Guna meningkatkan penerimaan pemerintah daerah terhadap kebijakan KPH, pemerintah (Kemenhut) perlu merubah cara berfikir dan pendekatan bahwa peraturan bukan satu-satunya instrumen untuk mengarahkan perilaku partisipan daerah. Meskipun peraturan itu sendiri masih banyak yang perlu diperbaiki, namun pemerintah juga perlu meningkatkan pembinaan kepada pemerintah daerah serta meningkatkan penyebaran pengetahuan, komunikasi, dan membangun rasa saling percaya. Selain untuk mengatasi resistensi, pendekatan tersebut juga sangat diperlukan untuk mengawal proses transformasi paradigma dan budaya birokrasi kehutanan agar sejalan dengan nilai-nilai baru yang terkandung di dalam konsep KPH. Guna memperlancar pelaksanaan tugas tersebut, Kemenhut perlu meningkatkan kerjasama dengan berbagai pihak, baik dengan jaringan yang sudah terbentuk (akademisi, lembaga donor, Bappenas, dan lain-lain), maupun dengan lembaga-lembaga potensial lain seperti Kemendagri, UKP4, dan KPK.

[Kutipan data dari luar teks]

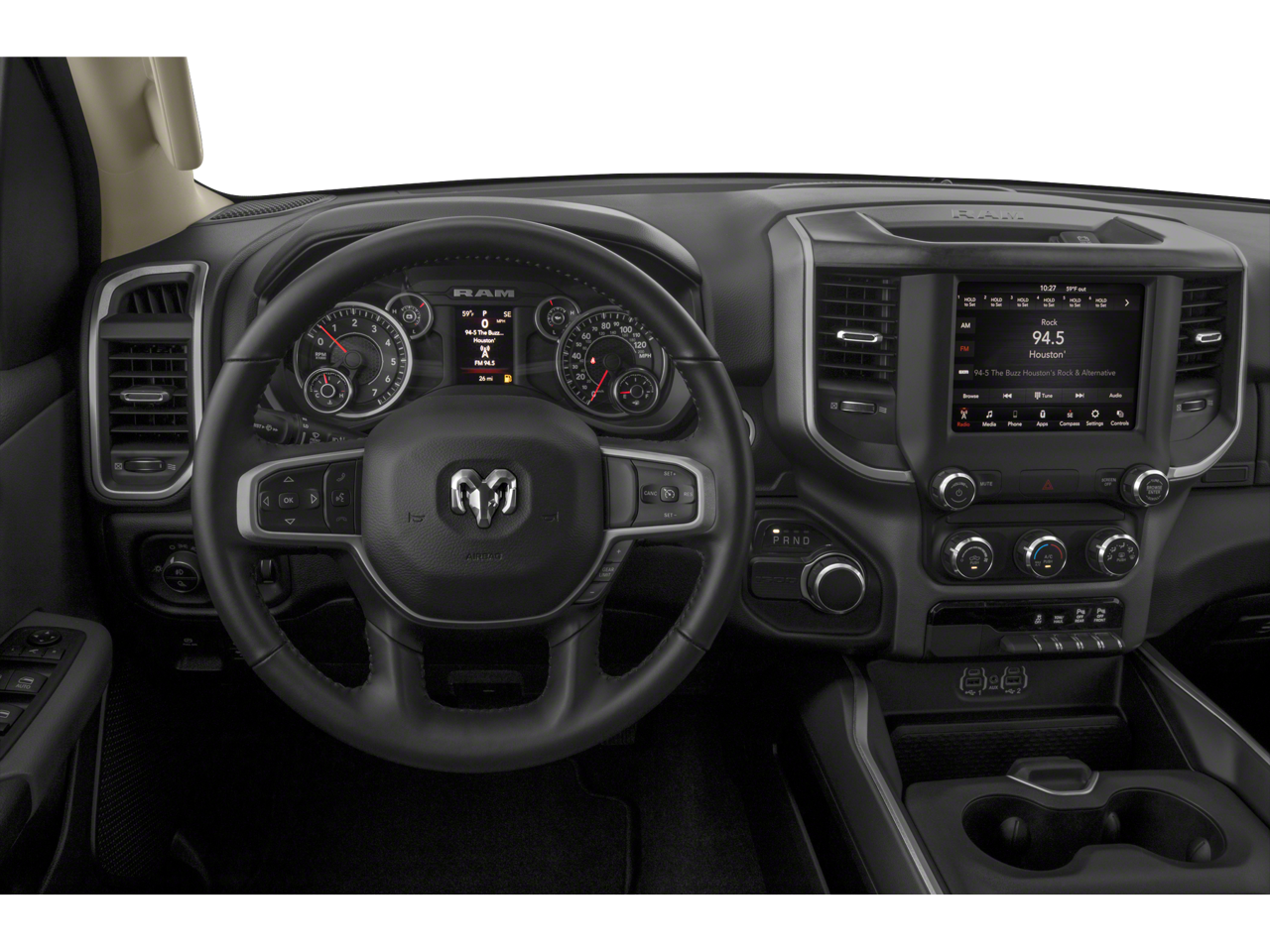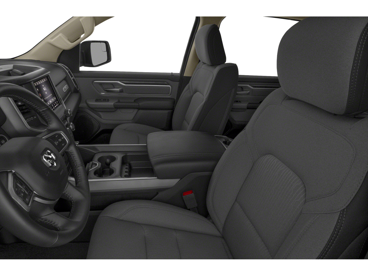 Inside the spacious cabin, youll find a perfect blend of practicality and modern technology. The Big Horn trim offers premium cloth seating, a large touchscreen infotainment system with Apple CarPlay and Android Auto, Bluetooth® connectivity, voice command, and multiple USB ports to keep you connected and entertained on every drive. With generous storage solutions and a roomy interior, this truck is designed to make both work and daily life easier.

Sebagai implikasi teoritis dari penelitian ini, kerangka analitis IAD Ostrom sangat potensial untuk digunakan oleh para analis kebijakan, baik pada sektor kehutanan maupun sektor-sektor lainnya. Penggunaan kerangka analitis IAD Ostrom terbukti efektif dalam menemukan masalah-masalah implementasi kebijakan serta memberikan arahan solusinya.